## Problem description
Pictures must not appear in your answer. Write out exactly the lines from the one with "1. Свиная грудинка" through the last line of the entries below.

[Data in this exercise]

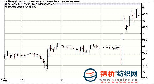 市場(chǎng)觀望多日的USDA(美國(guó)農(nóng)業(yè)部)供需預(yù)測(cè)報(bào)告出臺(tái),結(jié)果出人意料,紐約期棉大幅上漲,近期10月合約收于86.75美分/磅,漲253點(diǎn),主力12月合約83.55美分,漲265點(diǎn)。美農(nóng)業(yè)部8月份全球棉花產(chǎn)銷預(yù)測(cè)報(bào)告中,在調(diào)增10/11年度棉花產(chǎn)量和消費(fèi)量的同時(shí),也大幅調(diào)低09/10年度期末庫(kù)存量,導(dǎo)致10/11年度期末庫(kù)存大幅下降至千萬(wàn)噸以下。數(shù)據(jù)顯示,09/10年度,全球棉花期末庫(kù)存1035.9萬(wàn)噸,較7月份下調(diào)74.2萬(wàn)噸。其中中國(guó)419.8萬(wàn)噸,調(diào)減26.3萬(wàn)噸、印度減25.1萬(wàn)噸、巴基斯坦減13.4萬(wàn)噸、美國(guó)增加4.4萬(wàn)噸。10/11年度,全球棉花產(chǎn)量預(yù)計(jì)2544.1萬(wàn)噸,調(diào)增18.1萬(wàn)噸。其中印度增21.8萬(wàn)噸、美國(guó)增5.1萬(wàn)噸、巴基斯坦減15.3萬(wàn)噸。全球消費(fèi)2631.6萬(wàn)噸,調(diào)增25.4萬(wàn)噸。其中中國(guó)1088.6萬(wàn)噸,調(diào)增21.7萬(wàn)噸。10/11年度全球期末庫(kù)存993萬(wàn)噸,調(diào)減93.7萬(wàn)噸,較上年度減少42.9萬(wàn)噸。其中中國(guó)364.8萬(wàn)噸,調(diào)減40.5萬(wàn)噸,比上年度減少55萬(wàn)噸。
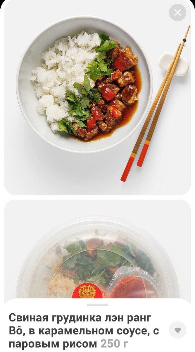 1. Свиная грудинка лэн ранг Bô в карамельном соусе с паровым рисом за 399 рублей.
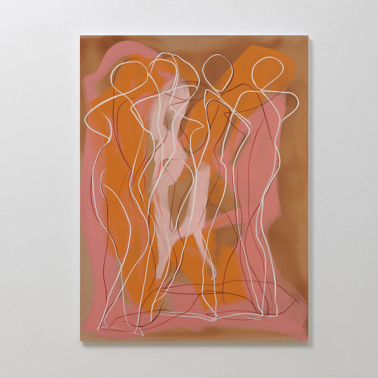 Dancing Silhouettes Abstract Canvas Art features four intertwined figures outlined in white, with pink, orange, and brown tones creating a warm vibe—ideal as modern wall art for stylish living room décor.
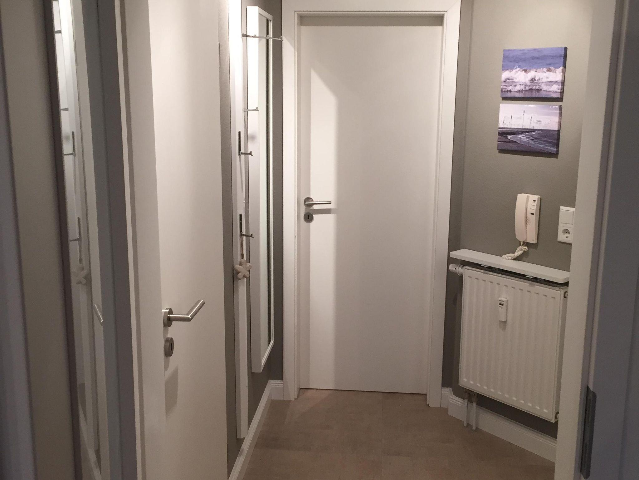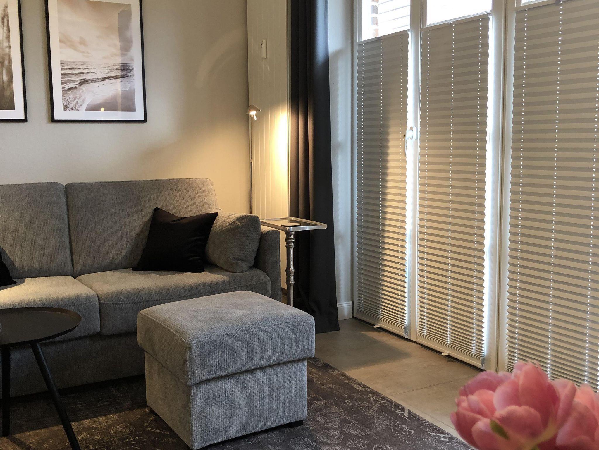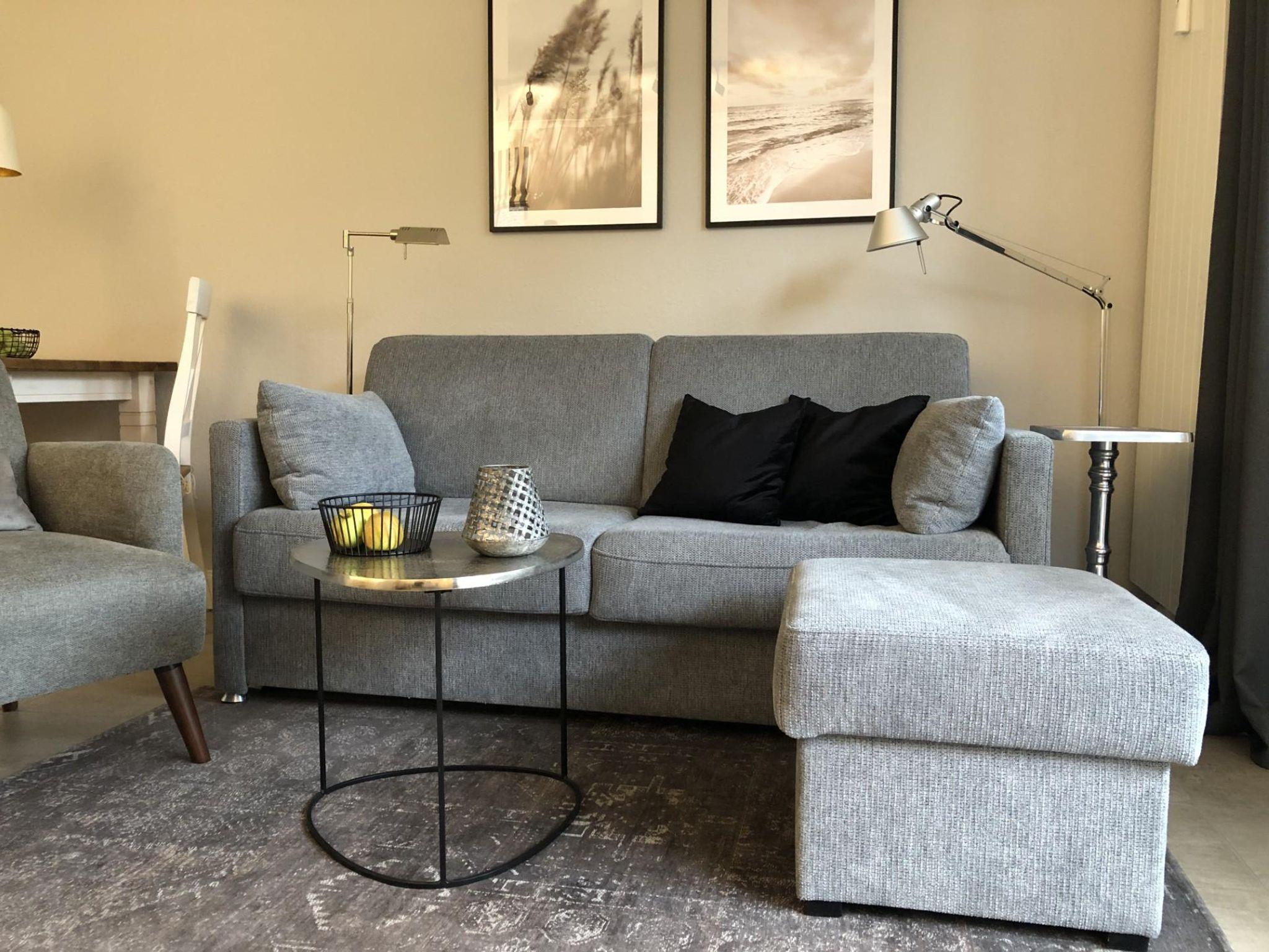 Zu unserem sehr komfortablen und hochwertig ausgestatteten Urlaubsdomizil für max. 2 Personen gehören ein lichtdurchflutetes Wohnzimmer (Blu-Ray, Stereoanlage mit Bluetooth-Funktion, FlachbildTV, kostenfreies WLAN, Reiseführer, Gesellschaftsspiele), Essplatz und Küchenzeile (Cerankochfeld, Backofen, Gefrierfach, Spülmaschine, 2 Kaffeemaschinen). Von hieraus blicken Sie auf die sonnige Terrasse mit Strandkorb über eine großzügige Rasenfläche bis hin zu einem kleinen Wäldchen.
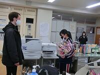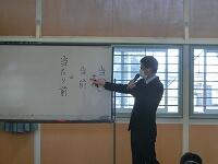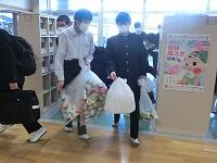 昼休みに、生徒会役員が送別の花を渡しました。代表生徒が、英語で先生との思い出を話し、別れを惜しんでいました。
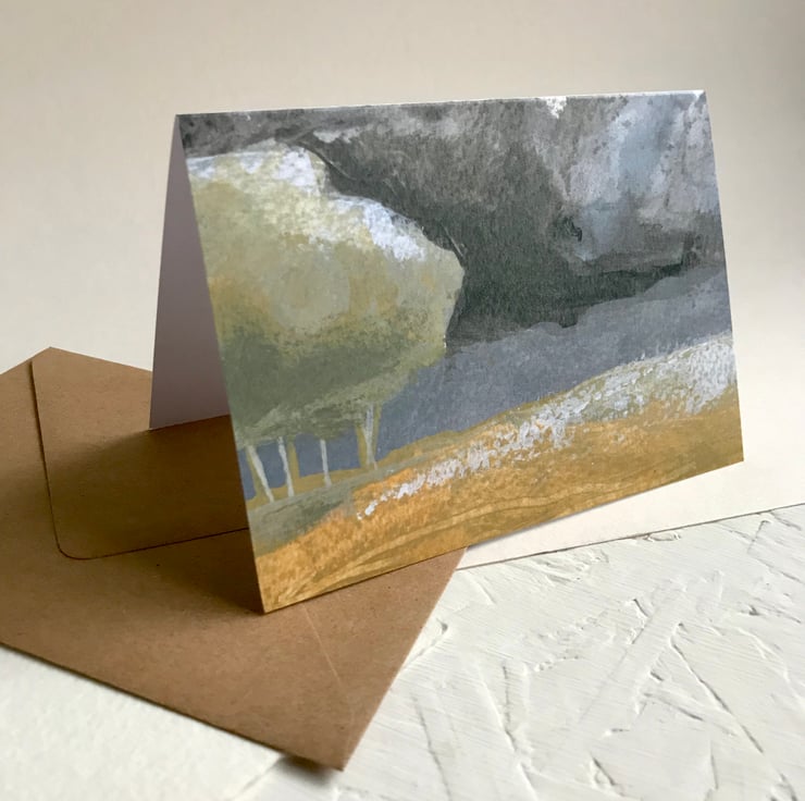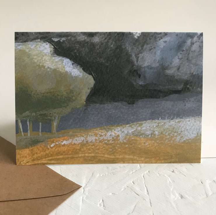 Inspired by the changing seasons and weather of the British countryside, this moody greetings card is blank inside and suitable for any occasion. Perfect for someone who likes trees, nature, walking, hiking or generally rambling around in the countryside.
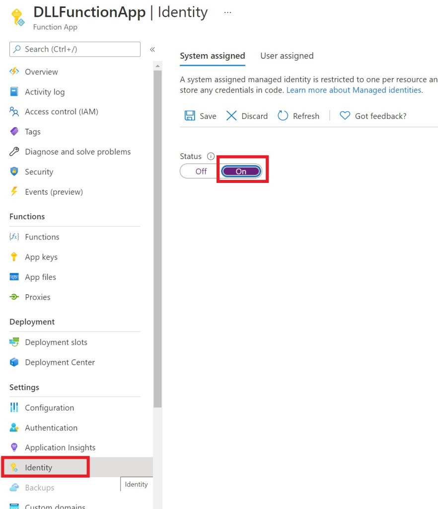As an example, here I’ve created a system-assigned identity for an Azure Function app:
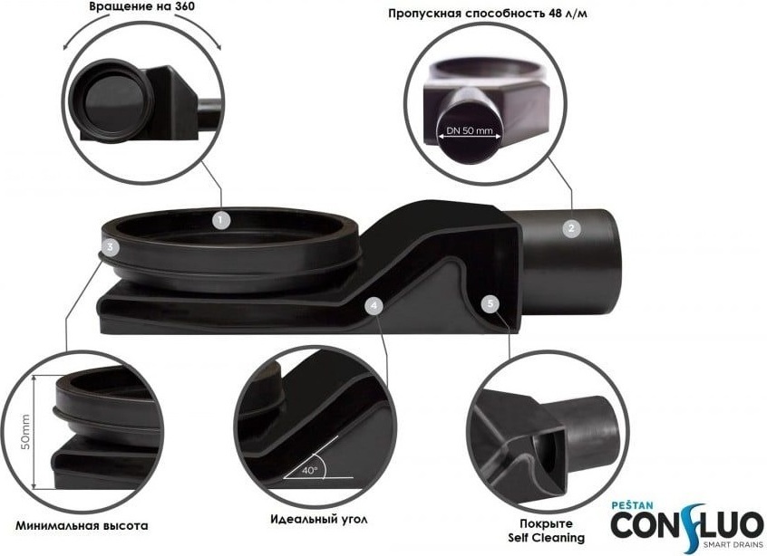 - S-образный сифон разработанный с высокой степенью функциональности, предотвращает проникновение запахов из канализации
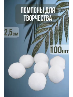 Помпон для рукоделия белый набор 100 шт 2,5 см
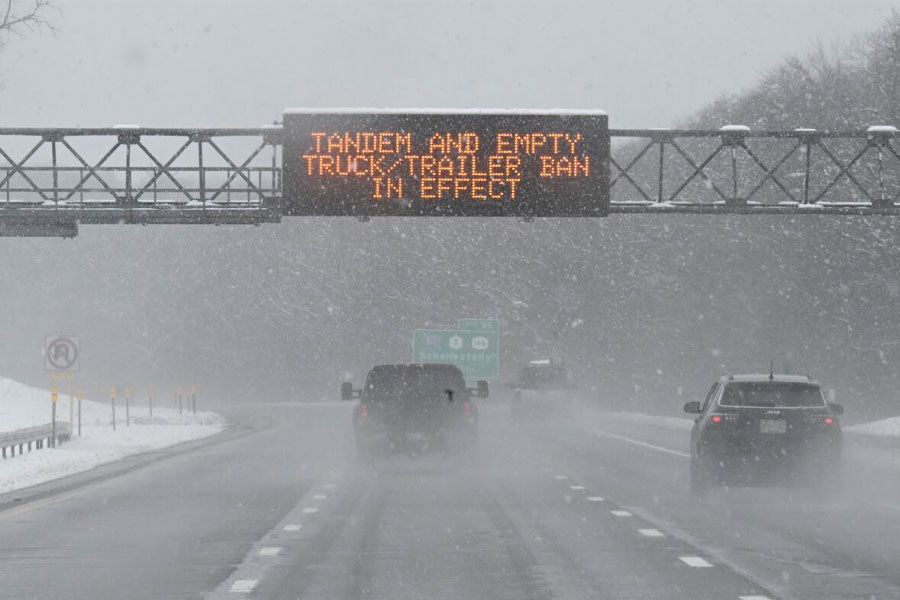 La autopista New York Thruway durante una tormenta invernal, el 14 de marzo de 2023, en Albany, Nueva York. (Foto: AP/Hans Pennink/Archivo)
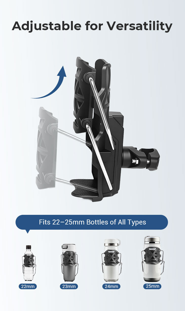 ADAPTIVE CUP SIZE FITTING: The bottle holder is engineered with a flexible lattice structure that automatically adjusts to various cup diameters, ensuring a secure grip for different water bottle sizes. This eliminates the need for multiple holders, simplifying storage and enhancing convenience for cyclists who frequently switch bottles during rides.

[/Data in this exercise]

## Exercise output
 1. Свиная грудинка лэн ранг Bô в карамельном соусе с паровым рисом за 399 рублей.
 Dancing Silhouettes Abstract Canvas Art features four intertwined figures outlined in white, with pink, orange, and brown tones creating a warm vibe—ideal as modern wall art for stylish living room décor.
 Zu unserem sehr komfortablen und hochwertig ausgestatteten Urlaubsdomizil für max. 2 Personen gehören ein lichtdurchflutetes Wohnzimmer (Blu-Ray, Stereoanlage mit Bluetooth-Funktion, FlachbildTV, kostenfreies WLAN, Reiseführer, Gesellschaftsspiele), Essplatz und Küchenzeile (Cerankochfeld, Backofen, Gefrierfach, Spülmaschine, 2 Kaffeemaschinen). Von hieraus blicken Sie auf die sonnige Terrasse mit Strandkorb über eine großzügige Rasenfläche bis hin zu einem kleinen Wäldchen.
 昼休みに、生徒会役員が送別の花を渡しました。代表生徒が、英語で先生との思い出を話し、別れを惜しんでいました。
 Inspired by the changing seasons and weather of the British countryside, this moody greetings card is blank inside and suitable for any occasion. Perfect for someone who likes trees, nature, walking, hiking or generally rambling around in the countryside.
As an example, here I’ve created a system-assigned identity for an Azure Function app:
 - S-образный сифон разработанный с высокой степенью функциональности, предотвращает проникновение запахов из канализации
 Помпон для рукоделия белый набор 100 шт 2,5 см
 La autopista New York Thruway durante una tormenta invernal, el 14 de marzo de 2023, en Albany, Nueva York. (Foto: AP/Hans Pennink/Archivo)
 ADAPTIVE CUP SIZE FITTING: The bottle holder is engineered with a flexible lattice structure that automatically adjusts to various cup diameters, ensuring a secure grip for different water bottle sizes. This eliminates the need for multiple holders, simplifying storage and enhancing convenience for cyclists who frequently switch bottles during rides.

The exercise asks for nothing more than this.